= Noether inequality =

In mathematics, the Noether inequality, named after Max Noether, is a property of compact minimal complex surfaces that restricts the topological type of the underlying topological 4-manifold. It holds more generally for minimal projective surfaces of general type over an algebraically closed field.

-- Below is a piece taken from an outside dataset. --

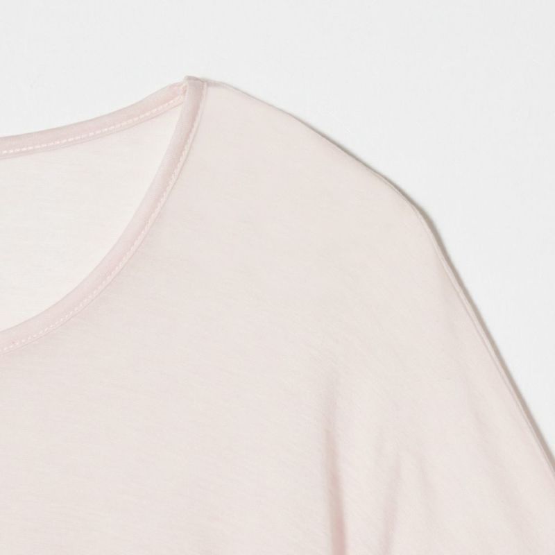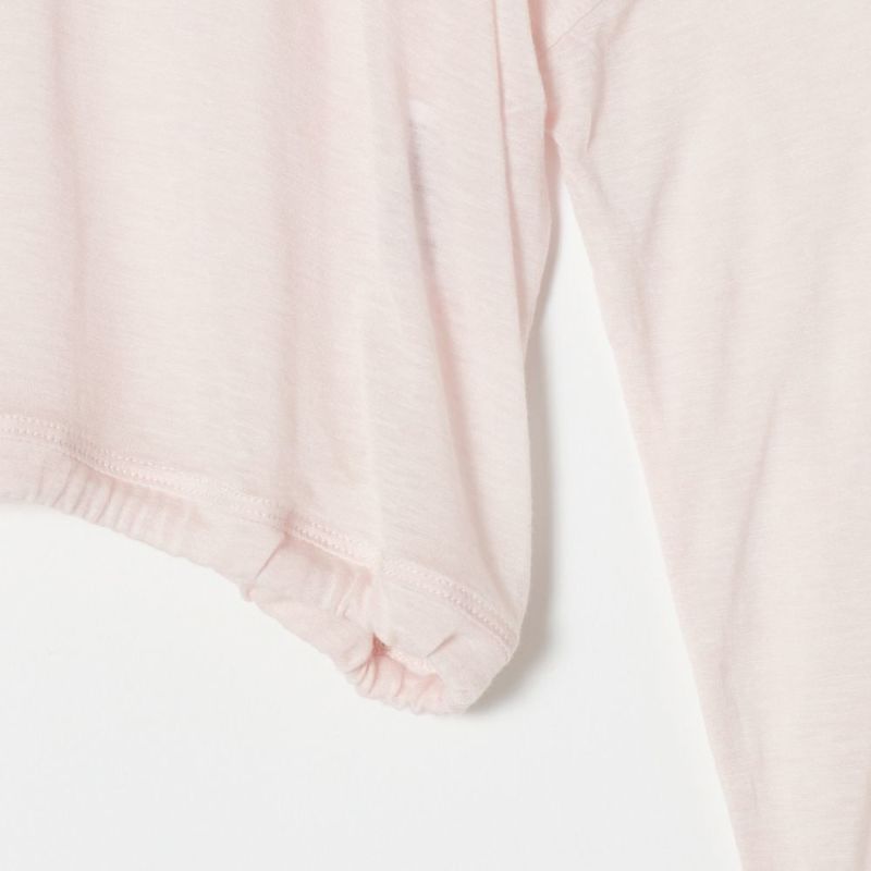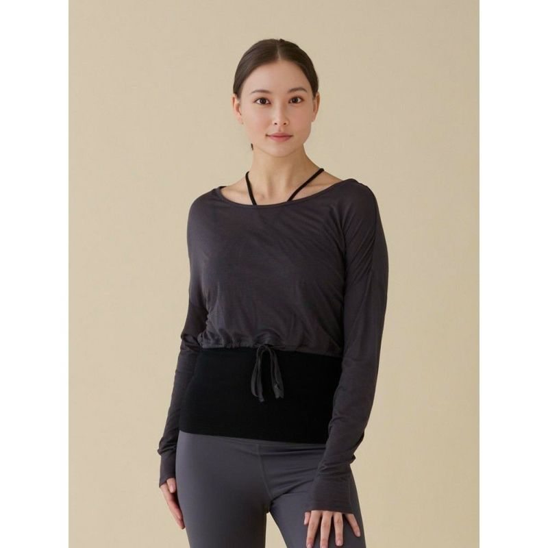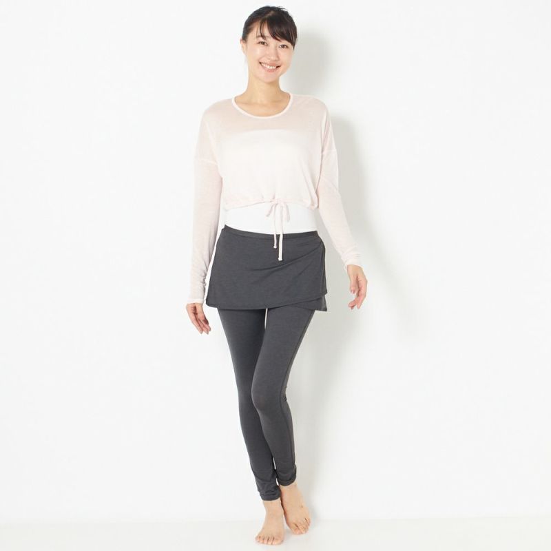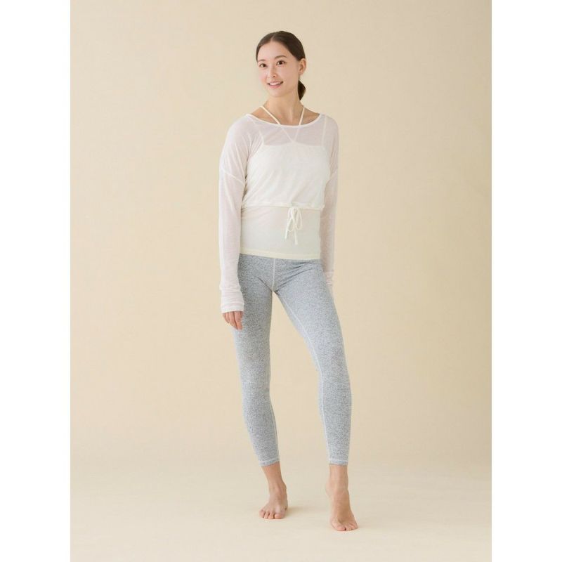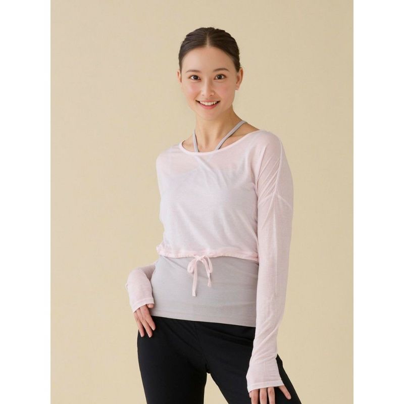 裾にゴムが入っているので調節が簡単な短丈のトップス。ゴムを締めればズレる心配が有りません。薄手でサラサラとした生地で着心地が軽く、蒸れる心配が少ないのでヨガにピッタリです。シルエットにはゆとりがあるので動きやすくなっています。インナーとの重ね着もしやすいアイテムです。

==Formulation of the inequality==
Let X be a smooth minimal projective surface of general type defined over an algebraically closed field (or a smooth minimal compact complex surface of general type) with canonical divisor K = −c_{1}(X), and let p_{g} = h^{0}(K) be the dimension of the space of holomorphic two forms, then
$p_g \le \frac{1}{2} c_1(X)^2 + 2.$

For complex surfaces, an alternative formulation expresses this inequality in terms of topological invariants of the underlying real oriented four manifold. Since a surface of general type is a Kähler surface, the dimension of the maximal positive subspace in intersection form on the second cohomology is given by b_{+} = 1 + 2p_{g}. Moreover, by the Hirzebruch signature theorem c_{1}^{2} (X) = 2e + 3σ, where e = c_{2}(X) is the topological Euler characteristic and σ = b_{+} − b_{−} is the signature of the intersection form. Therefore, the Noether inequality can also be expressed as
$b_+ \le 2 e + 3 \sigma + 5$

or equivalently using e = 2 – 2 b_{1} + b_{+} + b_{−}
$b_- + 4 b_1 \le 4b_+ + 9.$

Combining the Noether inequality with the Noether formula 12χ=c_{1}^{2}+c_{2} gives
$5 c_1(X)^2 - c_2(X) + 36 \ge 12q$
where q is the irregularity of a surface, which leads to
a slightly weaker inequality, which is also often called the Noether inequality:
$5 c_1(X)^2 - c_2(X) + 36 \ge 0 \quad (c_1^2(X)\text{ even})$
$5 c_1(X)^2 - c_2(X) + 30 \ge 0 \quad (c_1^2(X)\text{ odd}).$

Surfaces where equality holds (i.e. on the Noether line) are called Horikawa surfaces.

==Proof sketch==
It follows from the minimal general type condition that K^{2} > 0. We may thus assume that p_{g} > 1, since the inequality is otherwise automatic. In particular, we may assume there is an effective divisor D representing K. We then have an exact sequence
$0 \to H^0(\mathcal{O}_X) \to H^0(K) \to H^0( K|_D) \to H^1(\mathcal{O}_X) \to$

so $p_g - 1 \le h^0(K|_D).$

Assume that D is smooth. By the adjunction formula D has a canonical linebundle $\mathcal{O}_D(2K)$, therefore $K|_D$ is a special divisor and the Clifford inequality applies, which gives
$h^0(K|_D) - 1 \le \frac{1}{2} \deg_D(K) = \frac{1}{2} K^2.$

In general, essentially the same argument applies using a more general version of the Clifford inequality for local complete intersections with a dualising line bundle and 1-dimensional sections in the trivial line bundle. These conditions are satisfied for the curve D by the adjunction formula and the fact that D is numerically connected.